--- ABOUT THIS EXERCISE ---
Please repeat, from the entries that follow, the lines from the one containing "4月16日,國內(nèi)鋼" through the one containing "- 단순히 데이터를 모으는" exactly, adding nothing.

--- MATERIAL PROVIDED ---
============

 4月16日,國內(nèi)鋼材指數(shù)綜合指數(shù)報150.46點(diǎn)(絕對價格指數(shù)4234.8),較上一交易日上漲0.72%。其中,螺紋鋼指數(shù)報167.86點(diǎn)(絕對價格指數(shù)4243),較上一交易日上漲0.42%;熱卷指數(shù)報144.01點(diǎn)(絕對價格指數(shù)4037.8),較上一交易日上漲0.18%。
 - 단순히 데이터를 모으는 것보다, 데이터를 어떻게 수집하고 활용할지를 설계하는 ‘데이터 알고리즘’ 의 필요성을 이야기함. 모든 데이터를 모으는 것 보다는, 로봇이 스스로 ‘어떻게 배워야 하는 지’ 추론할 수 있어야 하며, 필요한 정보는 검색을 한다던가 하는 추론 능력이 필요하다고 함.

============

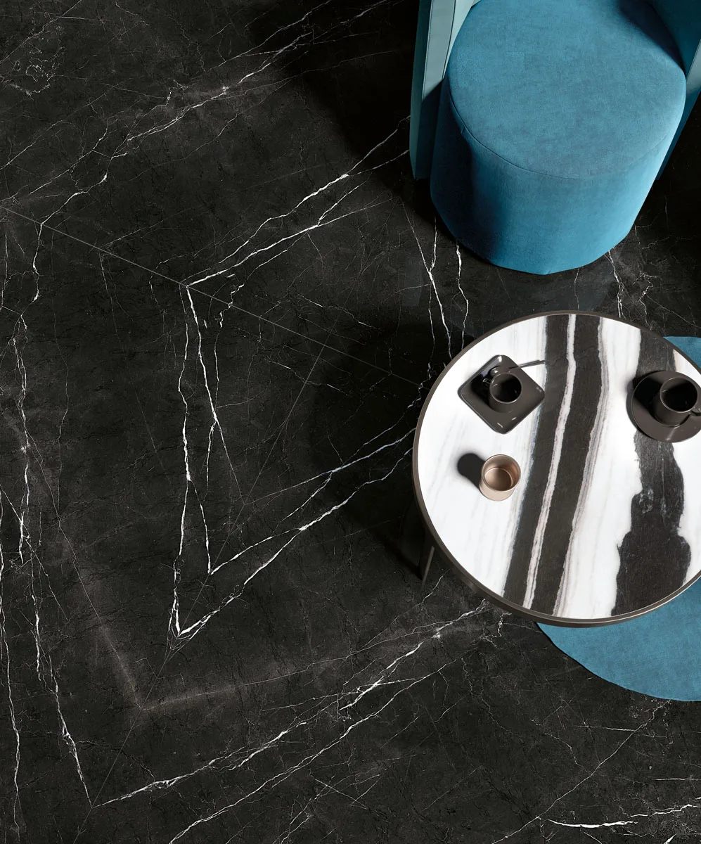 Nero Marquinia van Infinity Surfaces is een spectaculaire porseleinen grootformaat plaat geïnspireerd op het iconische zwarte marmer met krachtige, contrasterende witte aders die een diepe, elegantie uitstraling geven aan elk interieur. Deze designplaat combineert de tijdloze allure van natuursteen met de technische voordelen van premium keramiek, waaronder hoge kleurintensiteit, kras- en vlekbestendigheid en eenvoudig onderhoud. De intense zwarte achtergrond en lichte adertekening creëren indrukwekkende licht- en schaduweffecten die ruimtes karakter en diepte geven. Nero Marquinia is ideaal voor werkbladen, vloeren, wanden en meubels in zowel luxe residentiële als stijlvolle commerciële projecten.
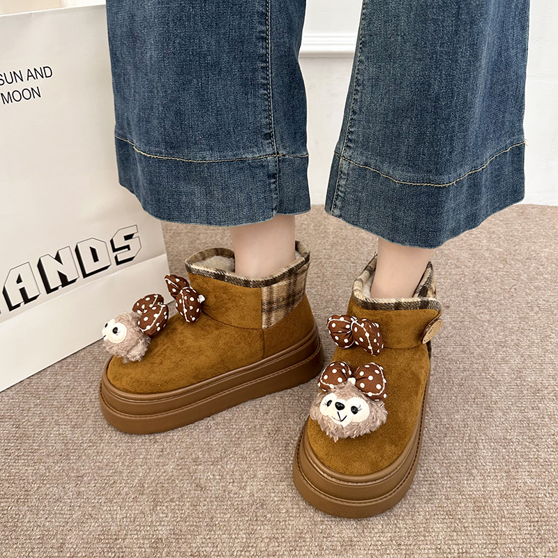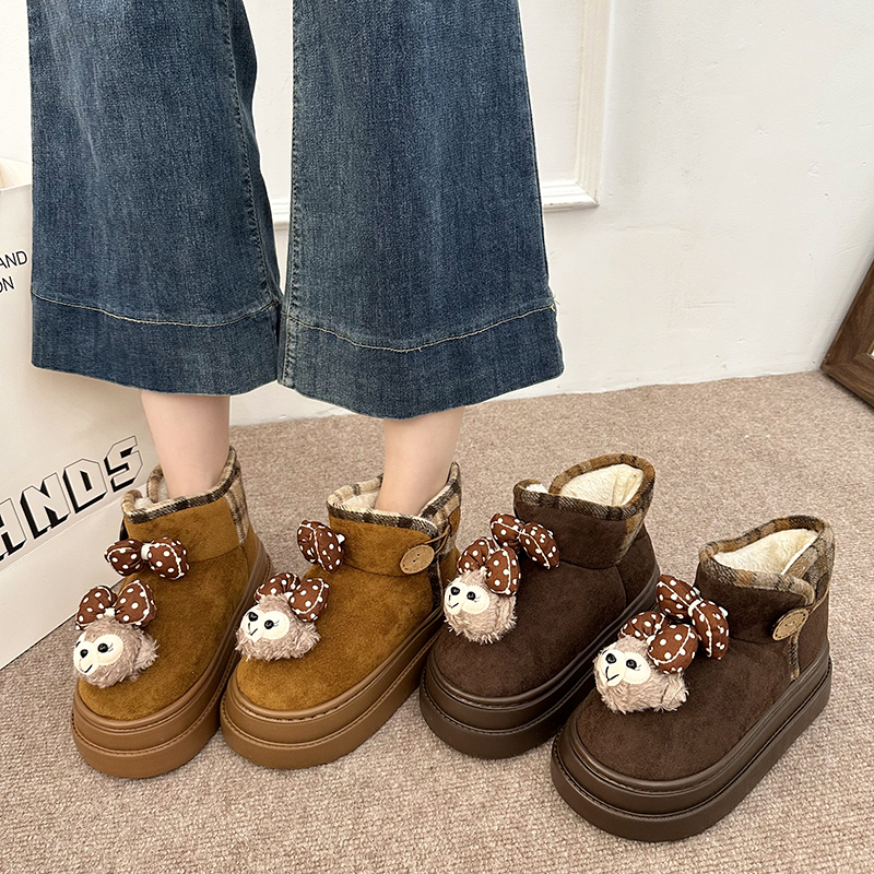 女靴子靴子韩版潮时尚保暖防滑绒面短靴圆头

============

--- ANSWER BOX ---
 4月16日,國內(nèi)鋼材指數(shù)綜合指數(shù)報150.46點(diǎn)(絕對價格指數(shù)4234.8),較上一交易日上漲0.72%。其中,螺紋鋼指數(shù)報167.86點(diǎn)(絕對價格指數(shù)4243),較上一交易日上漲0.42%;熱卷指數(shù)報144.01點(diǎn)(絕對價格指數(shù)4037.8),較上一交易日上漲0.18%。
 - 단순히 데이터를 모으는 것보다, 데이터를 어떻게 수집하고 활용할지를 설계하는 ‘데이터 알고리즘’ 의 필요성을 이야기함. 모든 데이터를 모으는 것 보다는, 로봇이 스스로 ‘어떻게 배워야 하는 지’ 추론할 수 있어야 하며, 필요한 정보는 검색을 한다던가 하는 추론 능력이 필요하다고 함.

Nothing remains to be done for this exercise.